Discussion

Chromophobe RCC accounts for 5% of all RCC’s, and patients with Birt-Hogg-Dubé syndrome are at 7 times greater risk than the general population. It is more often incidental than symptomatic, but often large (mean 4.6-8.0 cm) and caught at an early stage. Chromophobe subtype carries a better prognosis than most RCC’s, with a 5-year survival > 90% and 10-year recurrence free survival of 79%. Staging is with the same TNM criteria used for other types of RCC’s, and treated with either nephrectomy or nephron-sparing techniques depending on size. 

Qualitative imaging features of chromophobe RCC’s are not specific. It is typically solid, well-circumscribed with lobulated borders and heterogeneous. It may have calcifications (14-34%) and occasionally has cystic components but rarely contains fat. A central stellate scar is seen in 19-34% of chromophobe RCC’s, which can also be seen in oncocytoma (a benign tumor).  Chromophobe RCC’s reach peak enhancement in the nephrographic phase and generally enhance less than that of the more common clear cell RCC, but more than a papillary RCC. 

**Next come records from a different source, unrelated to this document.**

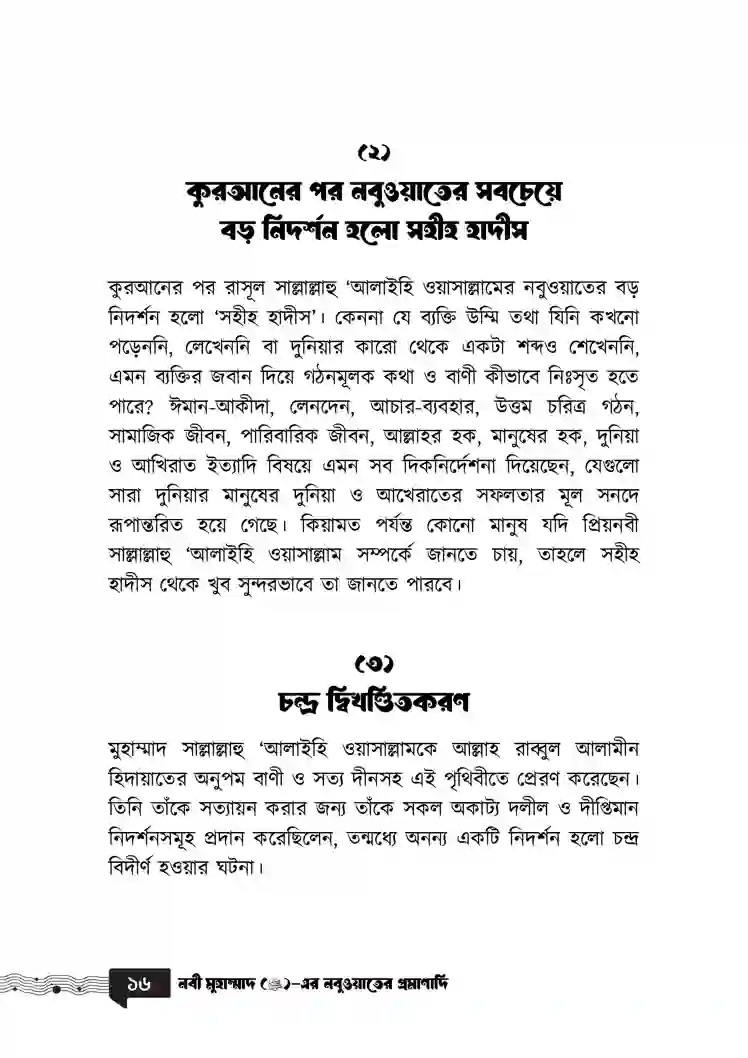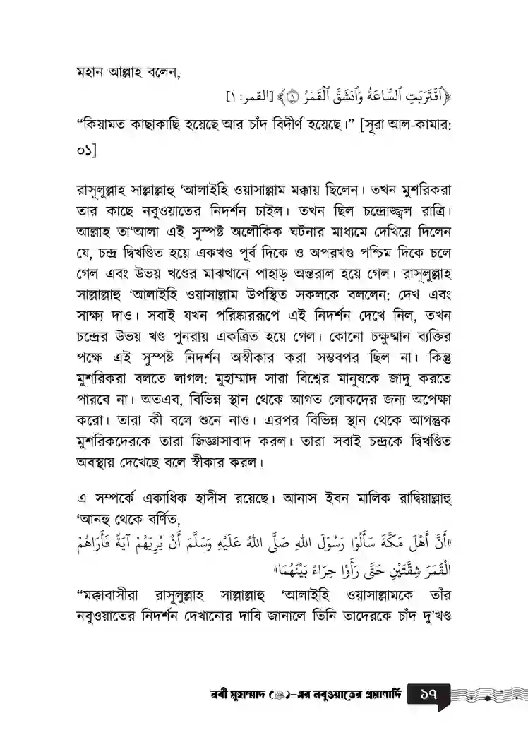 মক্কাবাসীরা রাসূলুল্লাহ সাল্লাল্লাহু ‘আলাইহি ওয়াসাল্লামকে তাঁর নবুওয়াতের নিদর্শন দেখানোর দাবি জানালে তিনি তাদেরকে” চাঁদ দু’খণ্ড নবী মুহাম্মাদ (ক)-এর নবুওয়াতের প্রমাণাদি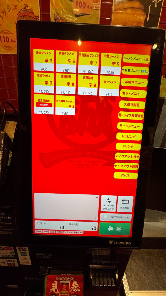 このタイミングで蒙古タンメン中本のアプリを見せ、ポイントをためてもらう+使いたいクーポンを申告すると良いです。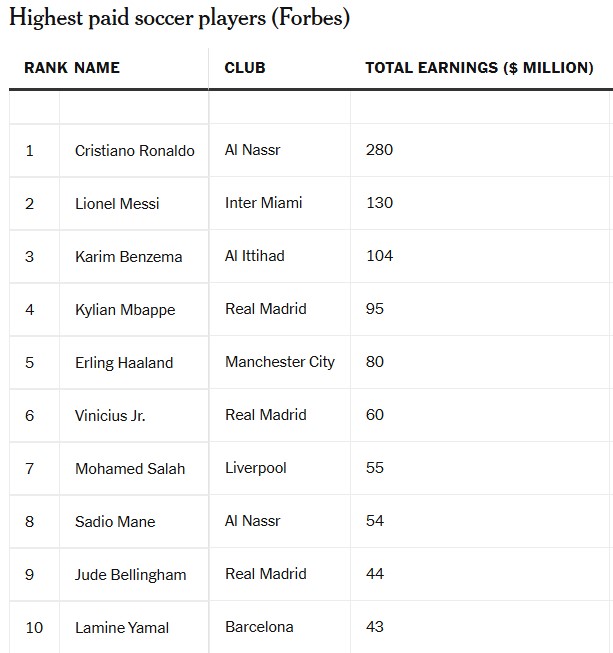 อันดับสามตกเป็นของ คาริม เบนเซม่า ของ อัล อิตติฮัด (104 ล้านเหรียญสหรัฐ), อันดับสี่ คิลิยัน เอ็บบัปเป้ ของ เรอัล มาดริด (95 ล้านเหรียญสหรัฐ) และอันดับห้า เออร์ลิง ฮาลันด์ ของ แมนเชสเตอร์ ซิตี้ (80 ล้านเหรียญสหรัฐ)

Ultrasound findings are quite non-specific and qualitative MRI assessment cannot differentiate from oncocytoma. Retrospective studies on quantitative MRI values have shown that chromophobe can be differentiated from oncocytoma, but this has not been widely validated. Lipid-poor AML’s have high attenuation on non-contrast CT, earlier enhancement in the corticomedullary phase, and consistency low T2 signal intensity, unlike chromophobe RCC which has high T2 signal intensity.

The updated 2019 Bosniak classification cannot be applied to renal lesions with greater than 25% solid component. Recommendations and flowcharts for the workup of incidental solid renal masses are outlined by the CAR Incidental Finding Working Group (2019) and the ACR White Paper (2017).